WASHINGTON (HedgeWorld.com)--The Securities and Exchange Commission's division of investment management has provided a "no-action letter" to Credit Suisse First Boston LLC, allowing CSFB to use certain "global consent forms" to provide statutorily required written disclosures to investment advisory clients regarding certain derivatives transactions.
A global consent form would economize, removing the need to obtain transaction-by-transaction consents for the program in question--a client would consent in advance to the CSFB's, or its derivative affiliate's, actions as principals for as much as a year at a time (or shorter periods as agreed upon).
The need for a no-action letter arose because section 206(3) of the Investment Advisers Act makes it unlawful for any adviser, acting as a principal for its own account, to sell any security to, or buy any security from, a client without disclosure and consent in writing--a rule designed to address the potential for self-dealing when the same firm is both counterparty and adviser to the same client.
The CSFB wants to employ a global consent system for a volatility management program for high-net-worth individuals, in which a participating client must have a net worth of at least US$20 million excluding assets committed to the program. The program uses covered call options, either to provide yield enhancement of a client's underlying stock positions, or to enable the client to exit an underlying stock position at a specified price target.
Part of the program involves what CSFB calls "Mirror" over-the-counter calls. The idea is that if CSFB receives a bid from a third party to buy a covered call option from its derivatives affiliate, and it believes the terms of the bid meet its client's needs within the program, it will (1) sell an OTC call for the client's account to its own derivatives affiliate on the same terms, and (2) instruct the affiliate to simultaneously sell an offsetting OTC call to the third party that mirrors those of the contract it is purchases from its client. The upshot is that the affiliate purchases from the client both an option and, upon its exercise, the underlying stock--the affiliate acting as principal and the parent corporation acting as advisor.

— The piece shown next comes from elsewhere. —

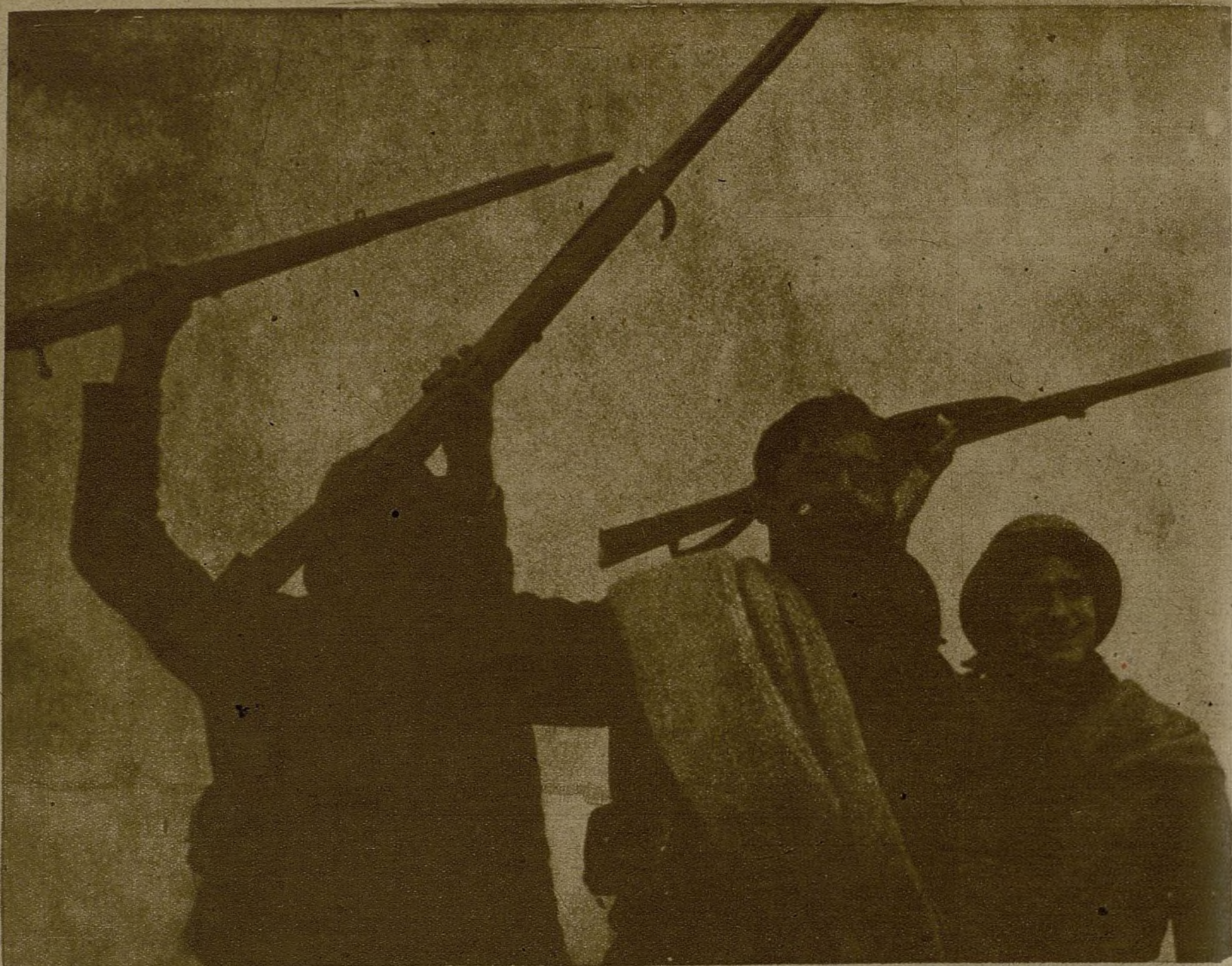
Los jóvenes soldados de nuestro glorioso Ejército tienen confianza en la potencia de sus armas de combate, que no abandonarán mientras quede un solo fascista sobre el suelo español

As the no-action letter, issued Aug. 31, relates, "You [CSFB and its affiliate] claim that by structuring transactions in this manner, the client would have a single account, a single standardized OTC options agreement and a single collateral agreement" with the affiliate. Such a structure, including a global consent system in lieu of transactional consents, will "save clients substantial time, cost and paperwork, and would protect the confidentiality of client information."
The Division of Investment Management recommended that, given the facts as stated, it won't recommend enforcement action under section 206(3), and it cited the following points as especially pertinent to that conclusion:
- The global consent will apprise the client of the capacities in which CSFB and its affiliate will be acting, the potential conflict of interest, the nature and maximum amount of compensation to be charged by the affiliate on each OTC call;
- Mirror OTC calls will completely offset the affiliate's transactions so as to prevent the affiliate from profiting from the premium or strike price of any call, and the affiliate will exercise a call only upon the exercise of the mirror call by the third-party dealer;
- The variables for each covered call option transactions (strike price, premium, expiration date, quantity of stocks covered, time of transaction, amount of proposed fee) will be shown on the confirmation statement that will be sent to the client as promptly as possible;
- Each client can cancel participation in the program upon 30 days' notice and may withdraw his or her global consent to any further proposed principal transactions at any time; and
- An advisory client must commit a minimum of $10 million of underlying stock to be managed under the program.